CD Review: Jimmy LaFave – Depending on the Distance (Music Road, 2012)
Soulful album of singer-songwriter folk, country and rock
“Singer-songwriter” usually labels someone who sings their own songs, but in Jimmy LaFave’s case, it describes someone who’s as talented at originating material as he is in lending his voice to others’ songs. His first studio album in five years balances eight new songs with five covers, three of the latter selected from the catalog of Bob Dylan. Perhaps the most surprising reinterpretation is his resurrection of John Waite’s “Missing You” from its 1980s chart-topping power-ballad origin. As a writer of emotionally-laden songs, LaFave could hear the finely-tuned angst of Waite’s lyric, and reconstruct it into rootsy rock ‘n’ roll. The production’s guitar adds a touch of Southern soul, and the emotional choke in LaFave’s voice mates perfectly with the song’s mood.

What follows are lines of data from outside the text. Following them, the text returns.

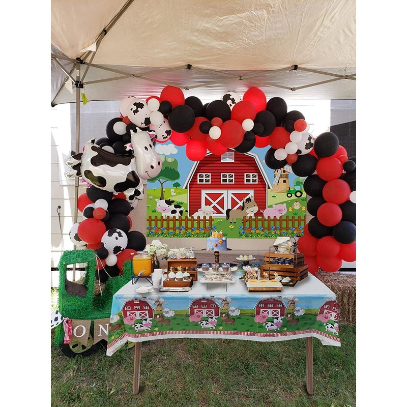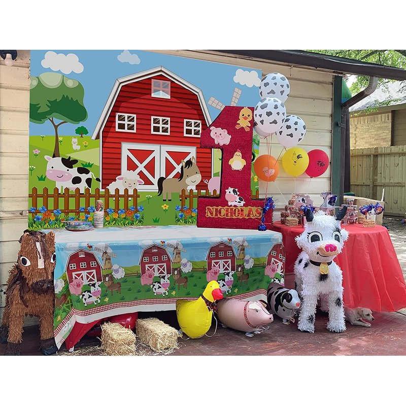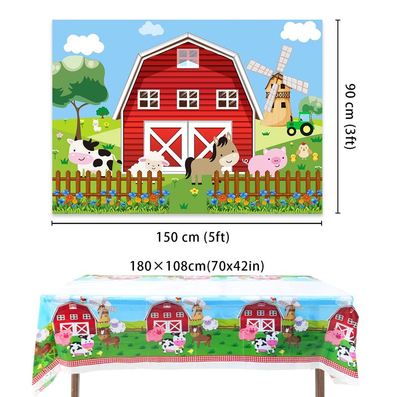 - Usage: The farm animals party backdrop and tablecloth suitable for farm themed birthday party, jungle animals cartoon theme party, kids 1st 2nd 3rd happy birthday cows theme party decoration supplies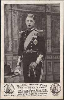 It was part of the first official National Relief Fund postcard from series 1 of the ‘authorised postcard’ series. It featured the Fund’s treasurer, H.R.H. the Prince of Wales. The prince was eager to get into khaki as soon as possible and although eventually he did, he was never allowed anywhere near the battlefronts.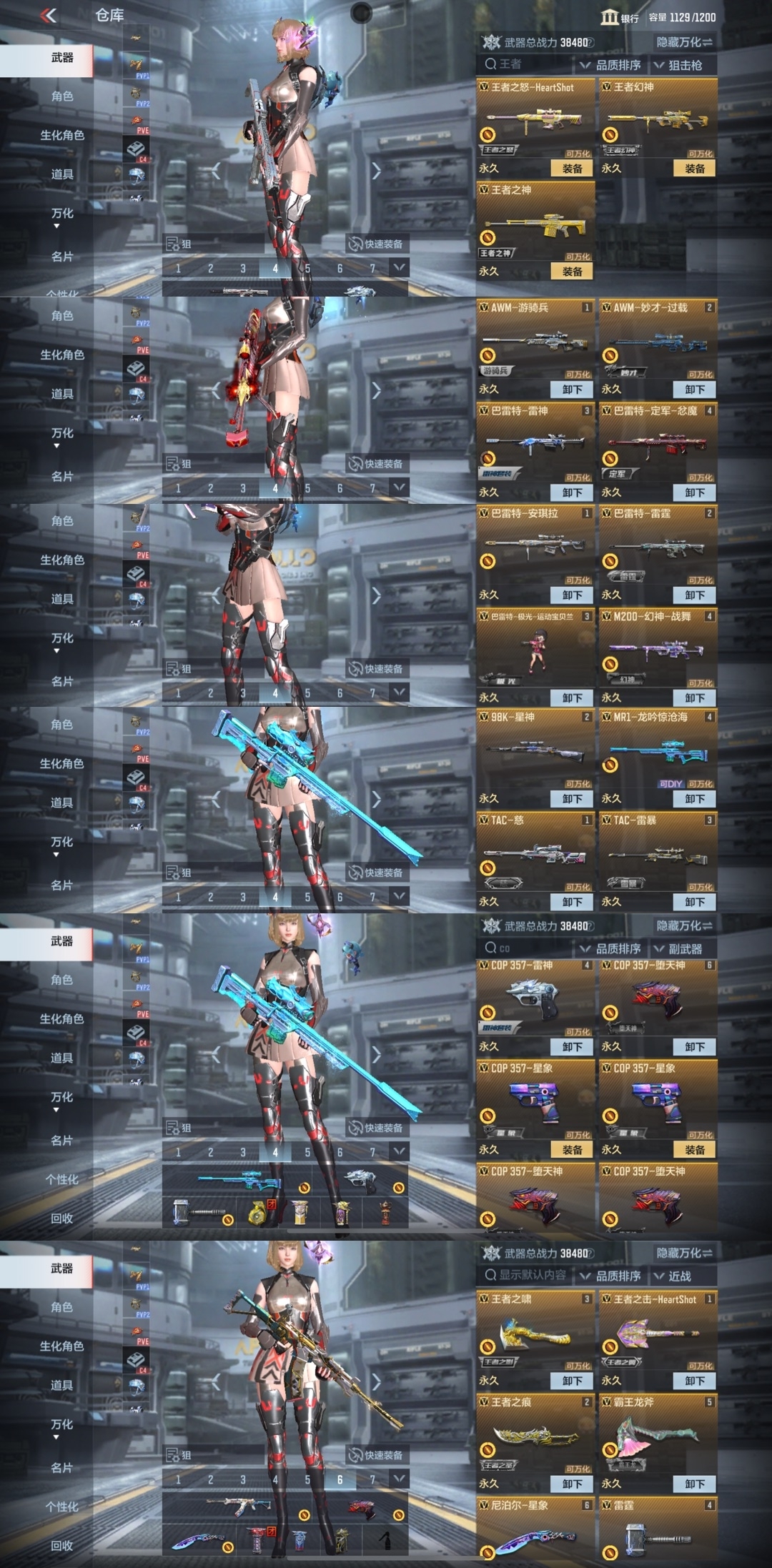 王心女团拉丝,王影冰霜奇迹,王翼,王魄女团拉丝,王魄白金血钻,王武,王者幻神王幻,王怒女团拉丝,王神,游骑兵AWM,幻神战舞,星神,雷暴tac,雷神巴雷特,雷霆巴雷特,妙才过载,太史慈,定军忿魔,常胜,孟德过载,奉先无双,元让,81瑜,文远,星象套,仲达过载,威侯套,武圣套,游骑兵梦魇,游骑兵寒霜,机械纪元MK47,美杜莎,光明之神81,波塞冬,风神翼龙套,雷霆m4,雷暴m4,哈迪斯,王狱,斯太尔蝴蝶,宙斯套,雷神aa12,霸王龙

The Dylan covers “Red River Shore,” the oft-covered “Tomorrow is a Long Time,” and Empire Burlesque’s “I’ll Remember You.” LaFave adds something special to each, reading the first in slow reflection, and warming the latter from the chilly production of its original version. The album’s fifth cover is Bruce Springsteen’s recently released (though earlier written) “Land of Hopes and Dreams.” LaFave strips the song of its E Street bombast to better reveal the tender heart of its inverted allusions to the gospel-folk classic “This Train.” LaFave uses the covers as a launching point for his original songs, weaving a continuous thread through expectation, melancholy, sadness and second chances.
There’s a New Orleans groove to “Red Dirt Night,” gospel devotion in “Bring Back the Trains” and righteous grief in “It Just is Not Right.” The latter ruminates on the numbness society often displays towards its most helpless members, and the album closes with a farewell whose metaphor neatly twines people and places. Throughout the album, LaFave sings with deep soul, harboring a waver in his notes that may remind you of Steve Forbert. He takes his songs at tempos that provide room for thought and expression, as befits the songs he writes and covers. This album will appeal to your ears on first spin, and grow in your thoughts over time.